**Work to be completed:** Look below for the line that contains "廂式裝爐法:相比坩堝法而言減" and the line that contains "公務員事務局局長楊何蓓茵八月", then restate both of them and every line in between, exactly. No picture goes in the copy.

**Extracted entries:**
== Segment start ==
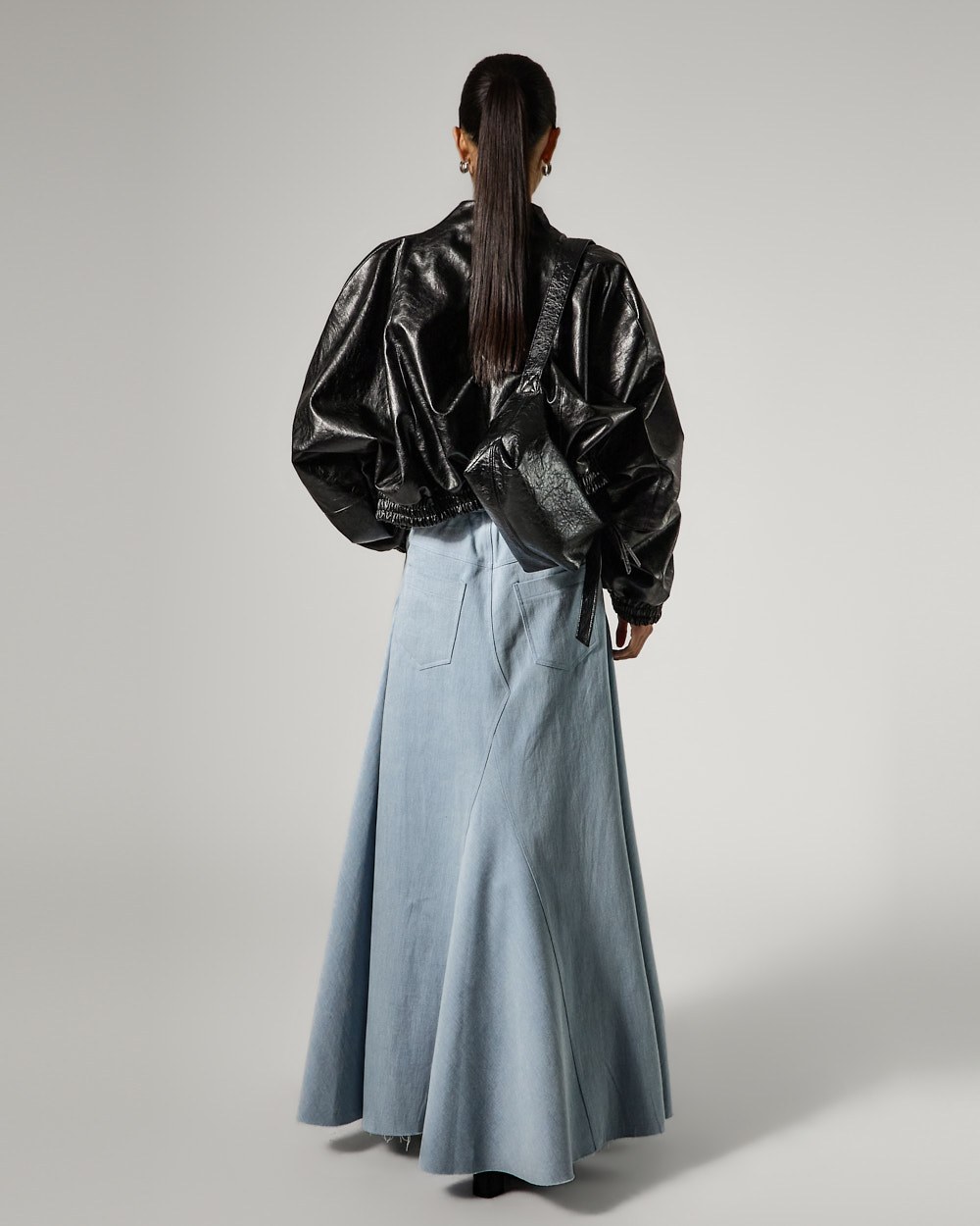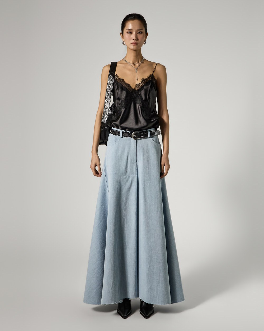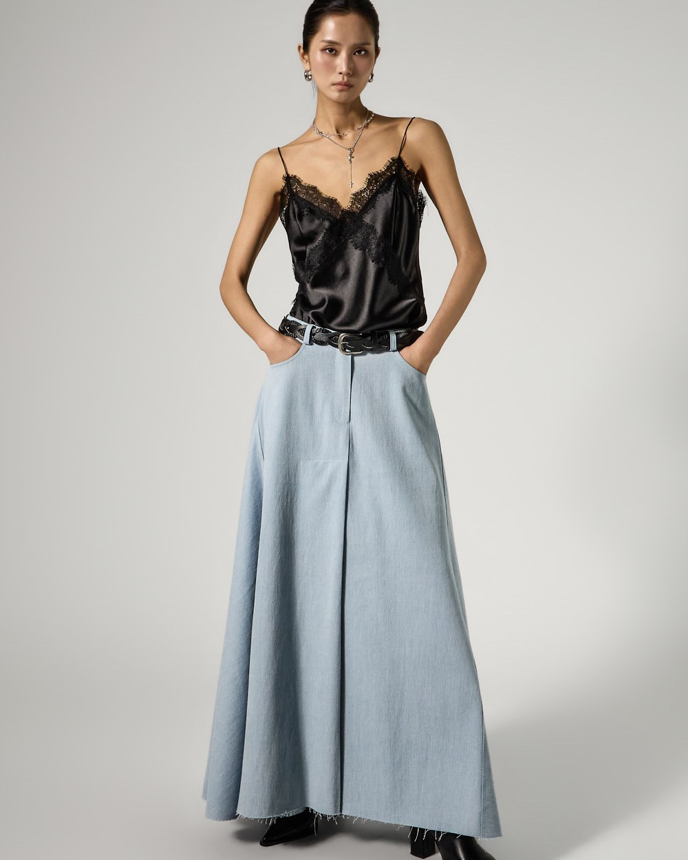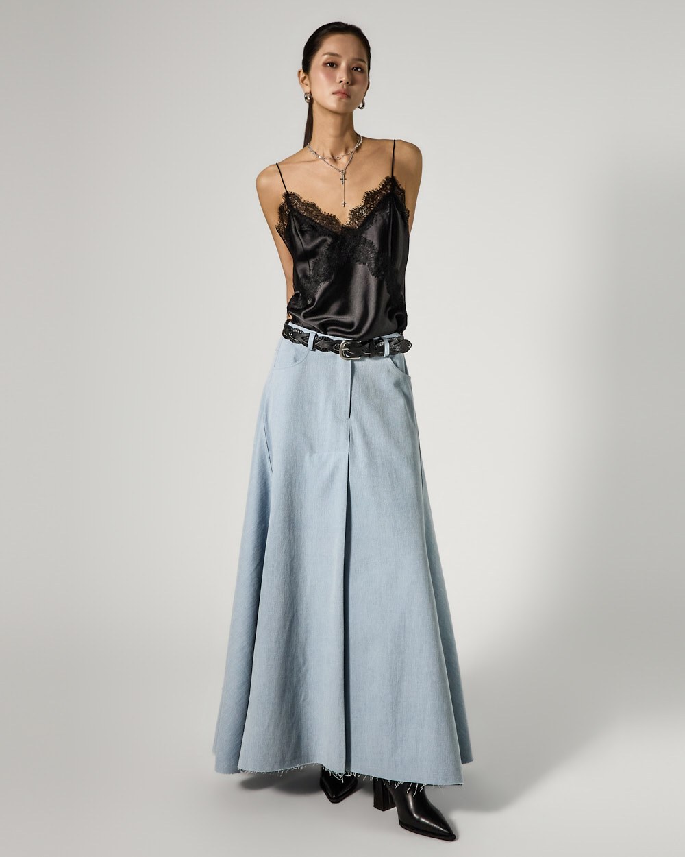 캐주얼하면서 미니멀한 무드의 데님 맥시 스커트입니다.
== Segment end ==
== Segment start ==
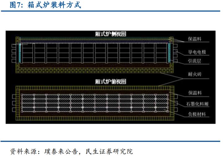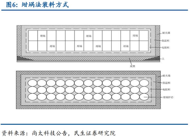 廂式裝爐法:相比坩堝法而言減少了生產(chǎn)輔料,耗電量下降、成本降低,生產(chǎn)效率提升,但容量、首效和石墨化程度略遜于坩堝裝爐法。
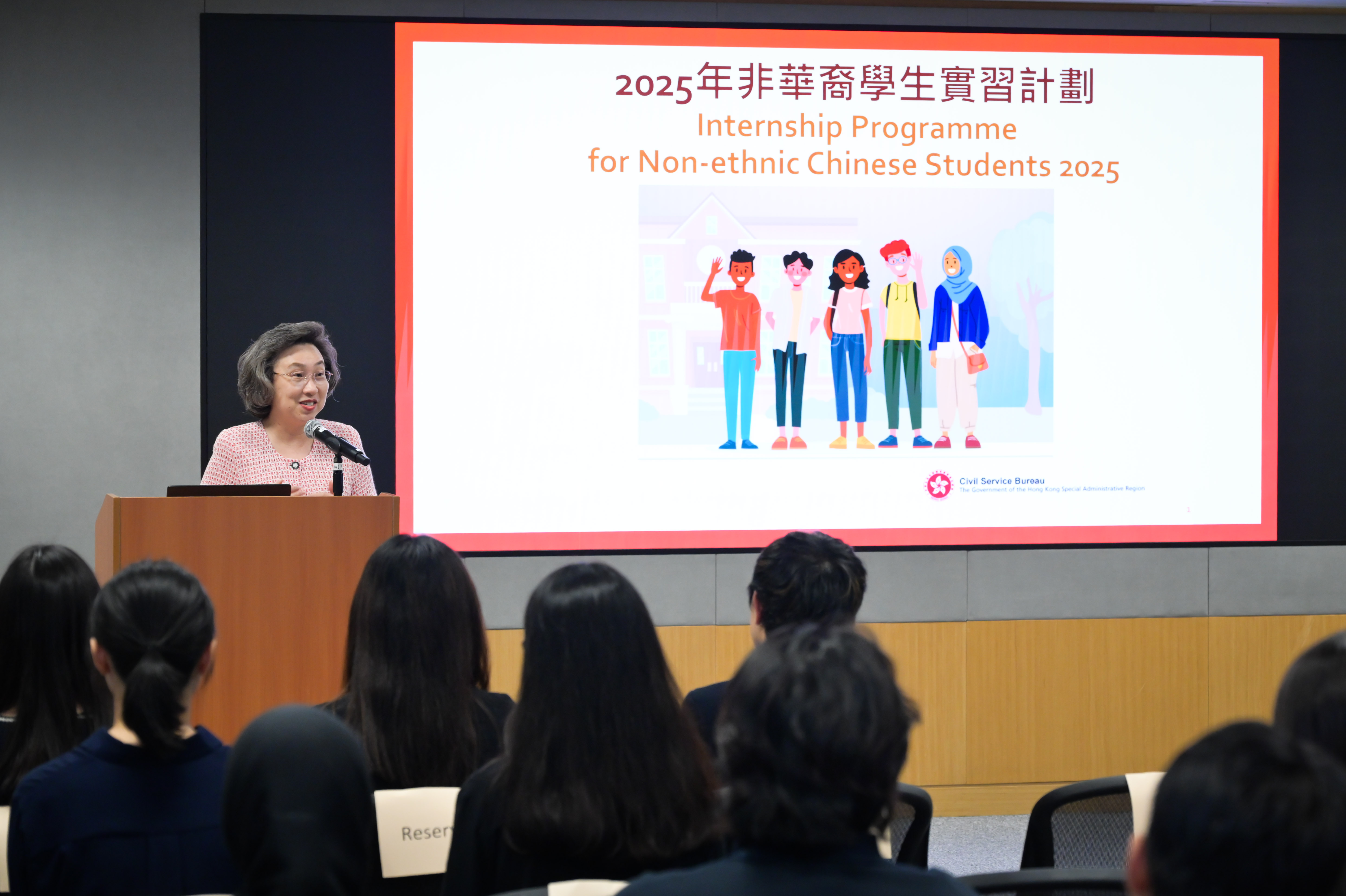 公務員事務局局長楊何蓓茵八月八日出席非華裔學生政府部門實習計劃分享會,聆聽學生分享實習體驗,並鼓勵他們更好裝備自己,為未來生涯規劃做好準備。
== Segment end ==
**Answer to this problem:**
 廂式裝爐法:相比坩堝法而言減少了生產(chǎn)輔料,耗電量下降、成本降低,生產(chǎn)效率提升,但容量、首效和石墨化程度略遜于坩堝裝爐法。
 公務員事務局局長楊何蓓茵八月八日出席非華裔學生政府部門實習計劃分享會,聆聽學生分享實習體驗,並鼓勵他們更好裝備自己,為未來生涯規劃做好準備。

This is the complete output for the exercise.